- _WHAT THE EXERCISE ASKS_: Retype every line from the start of the entries below down to the line with "Figure 5. p-Biobank", both ends included; skip the pictures.

Data items:
========

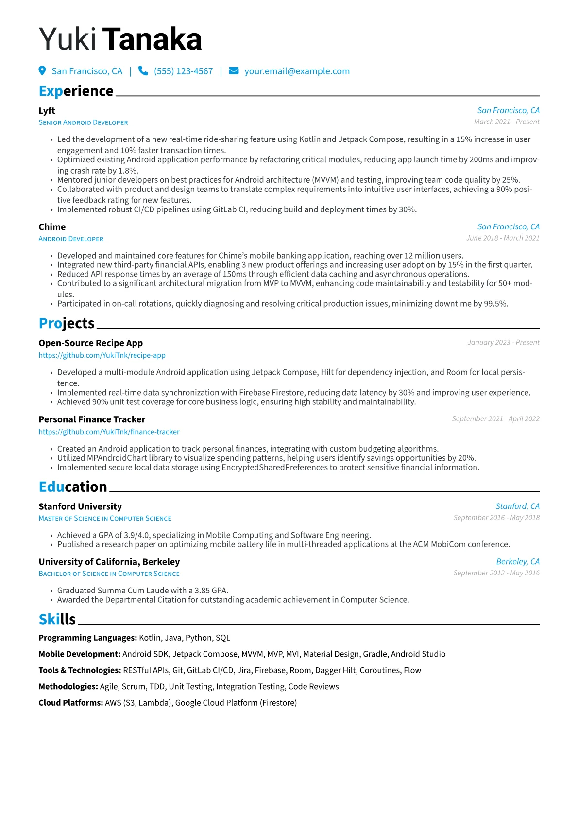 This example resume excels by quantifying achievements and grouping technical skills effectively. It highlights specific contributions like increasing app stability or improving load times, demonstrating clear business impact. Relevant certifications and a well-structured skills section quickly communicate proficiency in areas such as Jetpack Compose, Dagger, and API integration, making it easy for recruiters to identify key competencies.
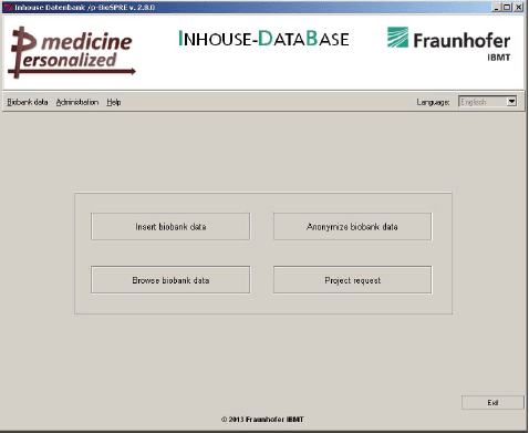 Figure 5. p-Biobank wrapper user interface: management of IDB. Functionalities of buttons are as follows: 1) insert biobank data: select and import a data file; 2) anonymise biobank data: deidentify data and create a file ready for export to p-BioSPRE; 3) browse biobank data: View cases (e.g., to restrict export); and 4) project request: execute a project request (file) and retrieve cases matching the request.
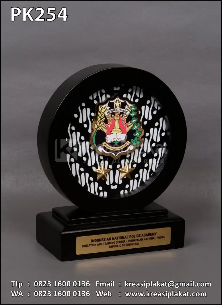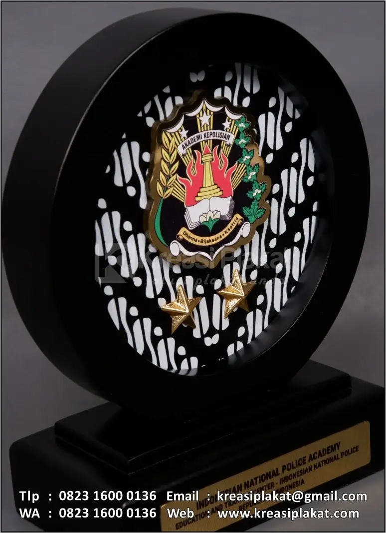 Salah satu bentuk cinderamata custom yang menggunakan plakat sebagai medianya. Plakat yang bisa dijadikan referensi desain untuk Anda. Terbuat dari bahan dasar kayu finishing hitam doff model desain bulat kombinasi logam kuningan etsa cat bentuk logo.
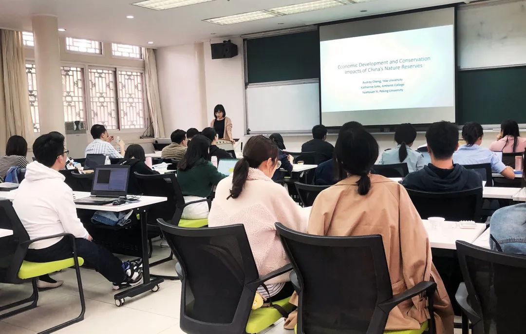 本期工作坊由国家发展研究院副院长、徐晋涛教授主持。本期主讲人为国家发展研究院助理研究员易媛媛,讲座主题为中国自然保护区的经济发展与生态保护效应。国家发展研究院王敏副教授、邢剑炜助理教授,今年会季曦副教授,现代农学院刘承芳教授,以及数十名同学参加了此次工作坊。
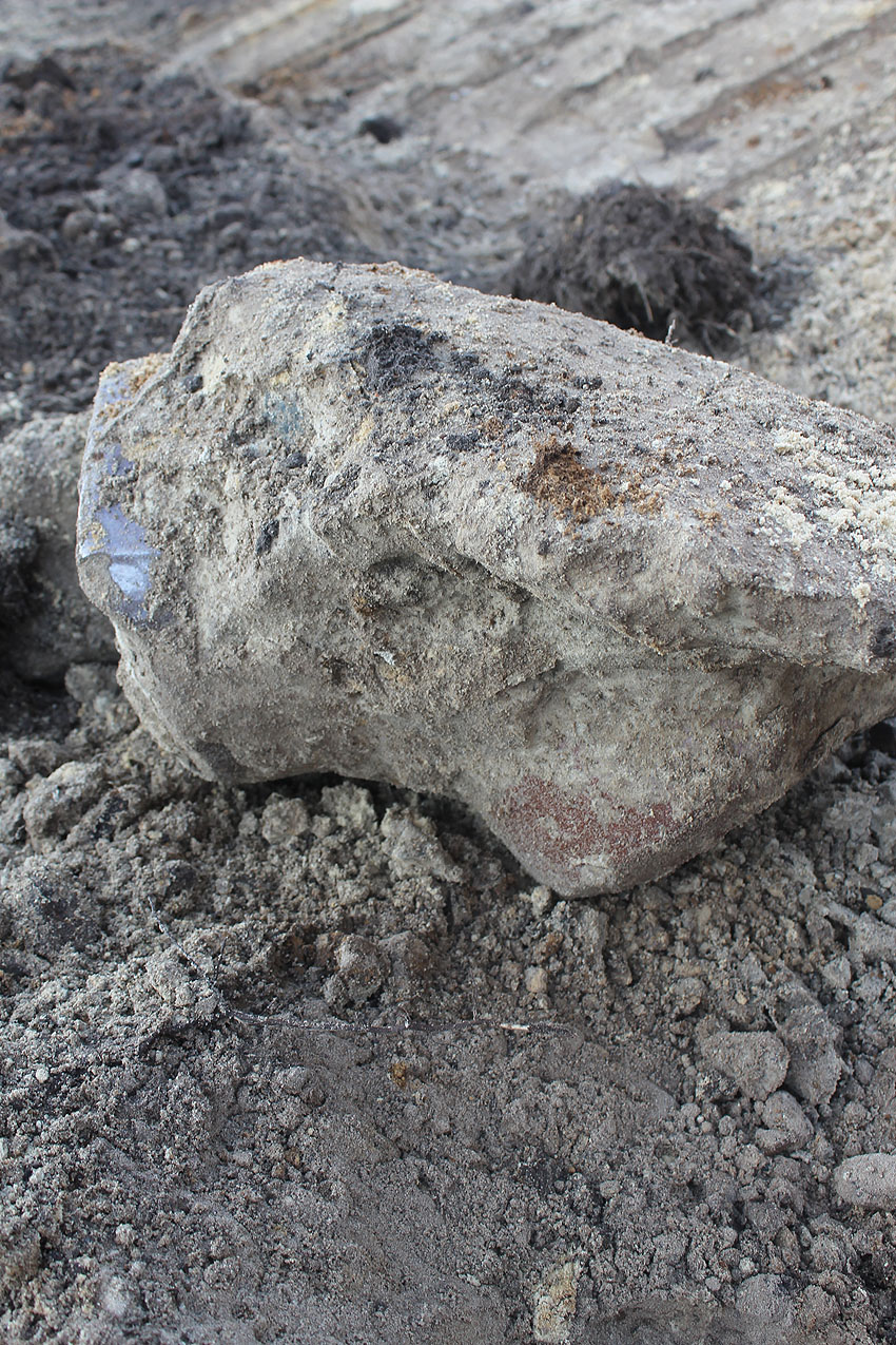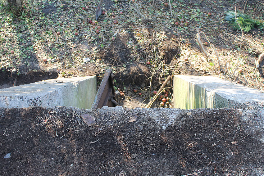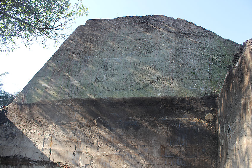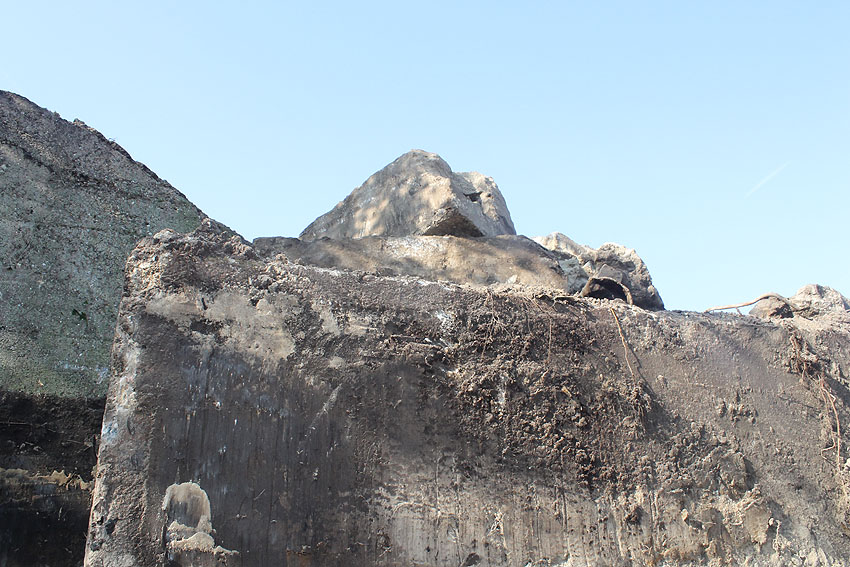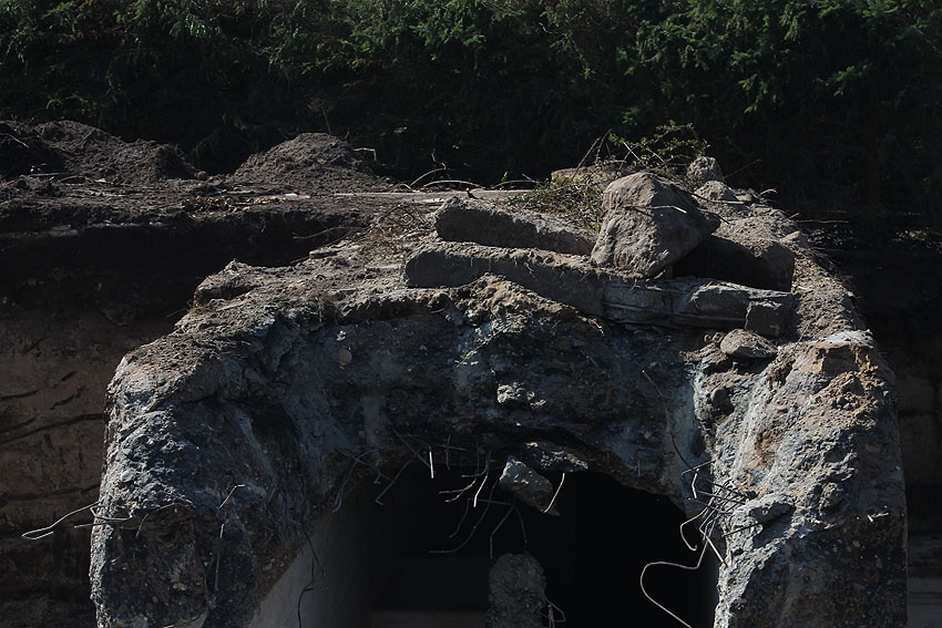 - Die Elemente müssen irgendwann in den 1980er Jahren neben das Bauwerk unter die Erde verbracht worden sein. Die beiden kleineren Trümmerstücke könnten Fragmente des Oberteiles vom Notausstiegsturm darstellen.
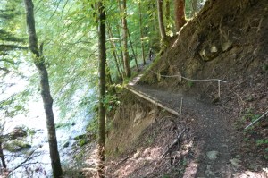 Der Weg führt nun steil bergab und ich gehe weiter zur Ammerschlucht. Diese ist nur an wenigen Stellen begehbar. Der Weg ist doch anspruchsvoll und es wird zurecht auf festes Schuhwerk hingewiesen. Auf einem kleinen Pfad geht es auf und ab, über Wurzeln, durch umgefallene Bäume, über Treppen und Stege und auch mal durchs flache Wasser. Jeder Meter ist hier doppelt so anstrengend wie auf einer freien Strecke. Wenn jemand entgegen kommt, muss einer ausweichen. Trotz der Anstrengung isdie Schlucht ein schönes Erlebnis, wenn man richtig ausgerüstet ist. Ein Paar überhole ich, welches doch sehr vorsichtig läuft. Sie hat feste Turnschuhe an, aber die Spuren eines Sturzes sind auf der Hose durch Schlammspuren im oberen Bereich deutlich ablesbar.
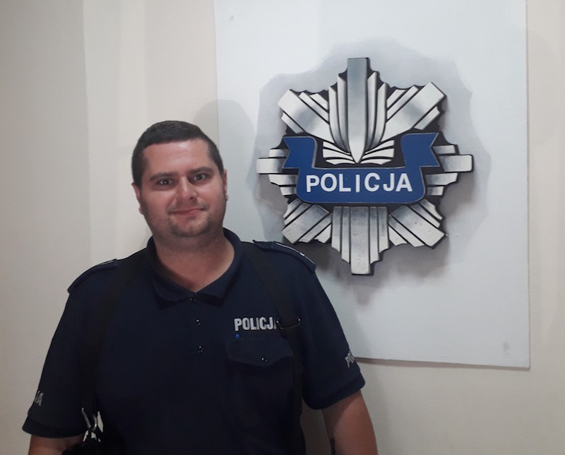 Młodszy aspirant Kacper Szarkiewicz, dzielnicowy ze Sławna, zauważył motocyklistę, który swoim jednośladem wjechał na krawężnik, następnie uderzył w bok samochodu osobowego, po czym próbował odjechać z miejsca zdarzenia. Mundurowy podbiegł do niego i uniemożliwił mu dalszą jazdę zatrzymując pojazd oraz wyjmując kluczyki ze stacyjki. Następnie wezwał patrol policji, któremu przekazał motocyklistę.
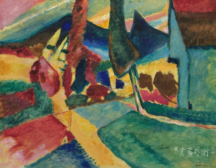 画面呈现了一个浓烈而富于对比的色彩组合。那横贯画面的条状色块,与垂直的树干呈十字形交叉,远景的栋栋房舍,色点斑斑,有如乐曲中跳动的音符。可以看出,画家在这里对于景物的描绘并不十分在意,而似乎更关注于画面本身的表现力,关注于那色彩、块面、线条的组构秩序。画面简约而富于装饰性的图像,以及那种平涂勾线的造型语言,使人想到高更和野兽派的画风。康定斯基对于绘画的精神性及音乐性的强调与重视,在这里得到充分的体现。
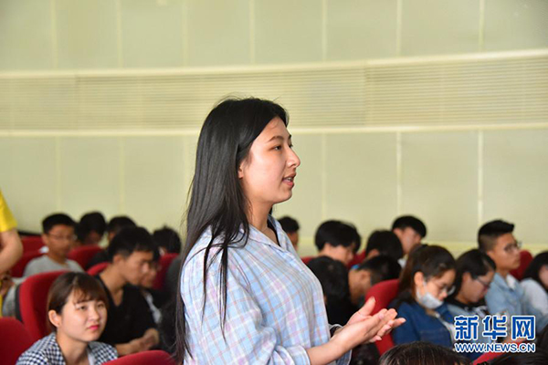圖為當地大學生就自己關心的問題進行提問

========

- _EXERCISE OUTPUT_:
 This example resume excels by quantifying achievements and grouping technical skills effectively. It highlights specific contributions like increasing app stability or improving load times, demonstrating clear business impact. Relevant certifications and a well-structured skills section quickly communicate proficiency in areas such as Jetpack Compose, Dagger, and API integration, making it easy for recruiters to identify key competencies.
 Figure 5. p-Biobank wrapper user interface: management of IDB. Functionalities of buttons are as follows: 1) insert biobank data: select and import a data file; 2) anonymise biobank data: deidentify data and create a file ready for export to p-BioSPRE; 3) browse biobank data: View cases (e.g., to restrict export); and 4) project request: execute a project request (file) and retrieve cases matching the request.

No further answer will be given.